This tutorial creates cURL bash script to directly work with the Graphistry REST API for generating a visualization from CSV files:

  • Swap in other supported file formats like Arrow, JSON, ORC, Parquet, and XLS by changing the parts that say CSV to your desired format
  • Send compressed data by ensuring the compression type is in the filename (ex: data.csv.gz) and specifying parameter file_compression (ex: "gzip"
  • Use your language instead of bash by swapping in its HTTP library, such as JavaScript's Axios library and Python's request library
  • ... Or see a language-native library if available, which wraps this functionality

You can see the combined script in curlTutorial.sh.

Concept

After we setup our project, the upload script will perform the following API calls:
  1. Get a short-lived JWT token for a REST API session
  2. Create and populate a File for your edges data
  3. Create and populate a File for your nodes data (optional)
  4. Create a visualization Dataset that uses your uploaded Files and a custom JSON configuration

1. Preparation: JQ, data, and credentials

Install JQ for easy command-line manipulation of JSON responses from the REST API. This step is optional, but recommended for command-line use.

Create empty file uploader.sh, give it execute permissions (chmod +x uploader.sh), and fill in your credentials:

#!/bin/bash
set -e  # terminate on fail

# Replace testuser, testpwd, https://hub.graphistry.com as appropriate
# For a free public API account, visit https://hub.graphistry.com and use an email signup
GRAPHISTRY_USERNAME=${GRAPHISTRY_USERNAME:-testuser}
GRAPHISTRY_PASSWORD=${GRAPHISTRY_PASSWORD:-testpwd}
GRAPHISTRY_BASE_PATH=${GRAPHISTRY_BASE_PATH:-https://hub.graphistry.com}

Download a sample graphistry_edges.csv and graphistry_nodes.csv.

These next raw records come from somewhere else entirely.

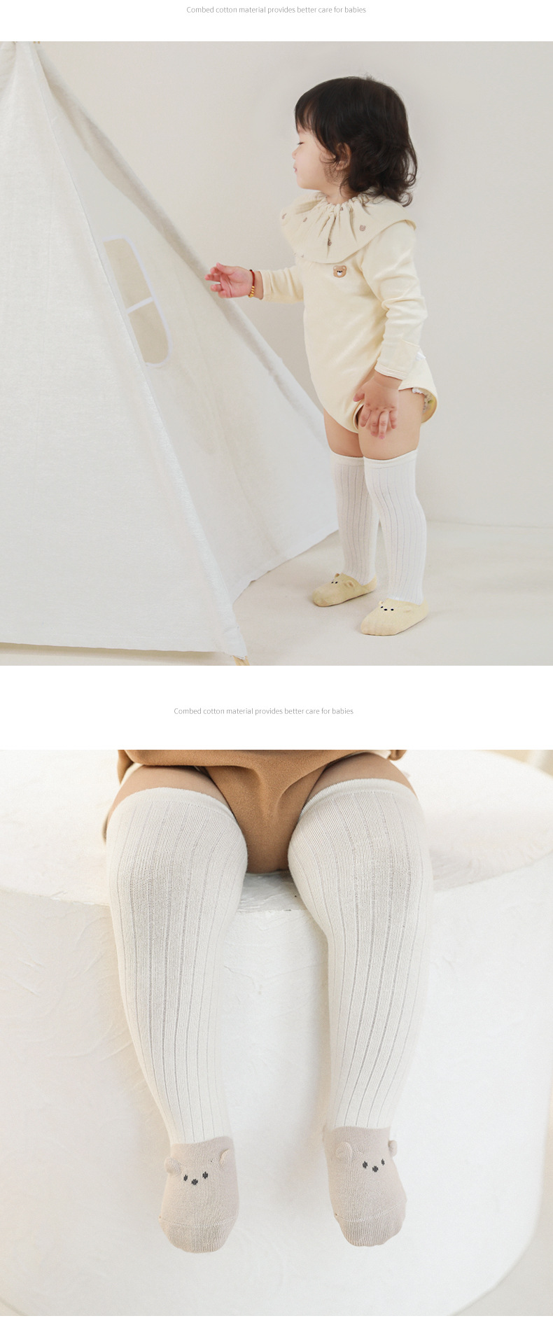 귀여운 입체 곰 신생아 스타킹 봄과 가을 무릎 패드 아기 양말 다리없는 뼈없는 아기 면 양말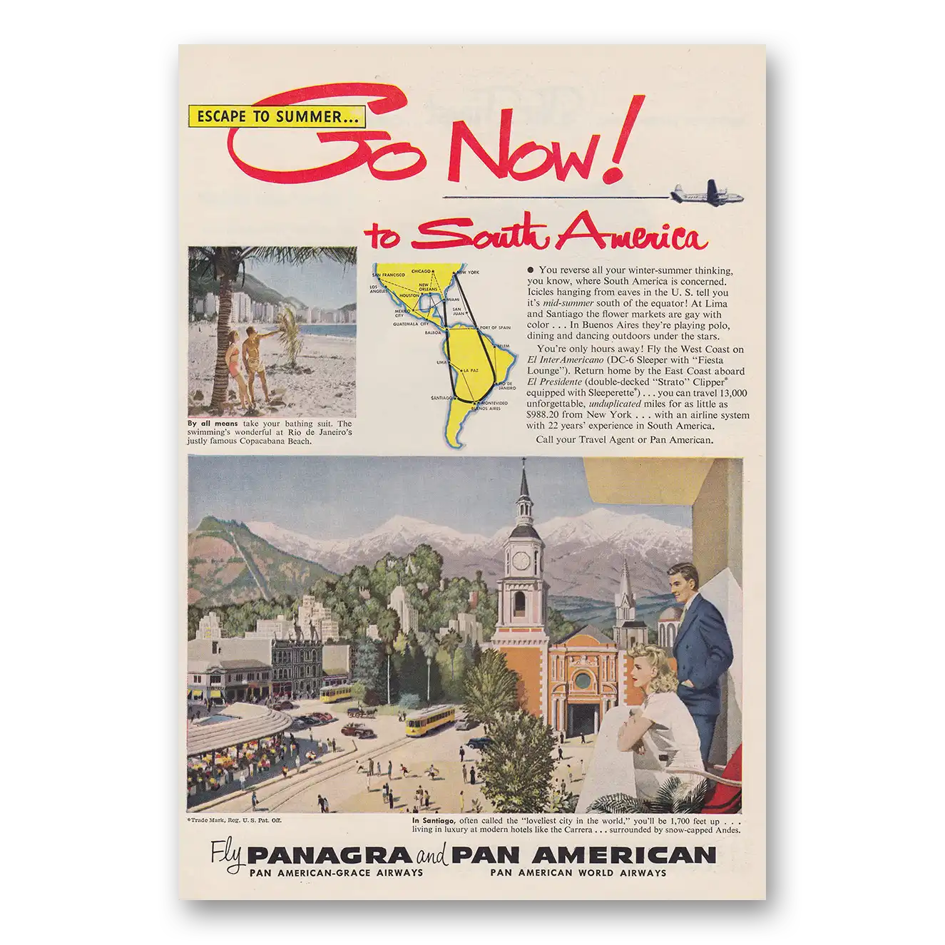 1950 Pan Am Print Ad | Santiago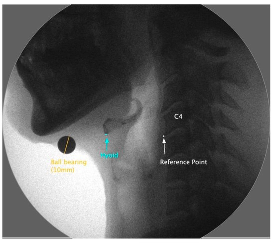Frame-by-frame analysis determined the resting and maximum displacement positions of the hyoid bone. Still images were generated from the videos to capture these two positions for measurement. Using imaging software, ImageJ 1.53, the images were scaled using a ball bearing (10 mm) and analyzed to identify the coordinates of the most anterior and inferior point of C4 for a reference point and the most anterior and inferior corner of the hyoid bone, as seen in Figure 2.

Alternatively, the reference curlTutorial.sh generates these files for you:

#graphistry_edges.csv
s,d,txt,num
a,b,the,2
b,c,quick,4
c,a,brown,6

#graphistry_nodes.csv
n,v,v2
a,2,a
b,4,aa
c,6,aaa

Your directory should now look like:

ls
uploader.sh  graphistry_edges.csv  graphistry_nodes.csv

2. Get a short-lived JWT token for our REST API session

Graphistry supports JWT tokens for secure API use. The script will use an account's credentials to get a JWT session token. Subsequent API calls will include the JWT token for automatic authentication and authorization.

Whoever gets a JWT token gets authorization to work with the corresponding user account: Carefully consider where tokens get transmitted in your application.

  • Server app: A server app might use a single Graphistry "service" account and thus would want to avoid exposing its JWT token to its many browser-based users. Instead, it would make calls on behalf of the user, and send the generated embeddable visualization URLs to them.
  • Client app: A thick client app might not even have a server. In this case, the user might enter their username/password, which a browser-side JavaScript app can send directly to the Graphistry server to get a JWT token.

The API calls are the same in both cases, so this tutorial applies to both cases.


echo "1. Generate JWT token -- POST /api-token-auth/"
OUT=$( curl -fsv -X POST \
    -H "Content-Type: application/json" \
    -d "{\"username\": \"${GRAPHISTRY_USERNAME}\", \"password\": \"${GRAPHISTRY_PASSWORD}\"}" \
    ${GRAPHISTRY_BASE_PATH}/api-token-auth/ )
echo $OUT | jq .
export GRAPHISTRY_TOKEN=$( echo "$OUT" | jq -jr .token )
Result:
{
    "pk": 1613158536,
    "user": {
        "name": "user",
        "username": "user",
        "email": "user@user.ngo",
        "id": 1
    },
    "token": "MY_TOKEN123"
}
We used JQ to extract and store variable GRAPHISTRY_TOKEN=MY_TOKEN123.

3. Create and populate an edge File

First, we create a File object for our graphistry_edges.csv with intended parsing hints. This is via call POST /api/v2/files/. For bigger files, we recommend orc/parquet, and in general, typed formats, like orc/parquet/arrow. You can also used an untyped format like CSV and provide type hints called dtypes. Graphistry is part of the NVIDIA RAPIDS.ai Python OSS ecosystem, so the APIs and documentation are written to line up.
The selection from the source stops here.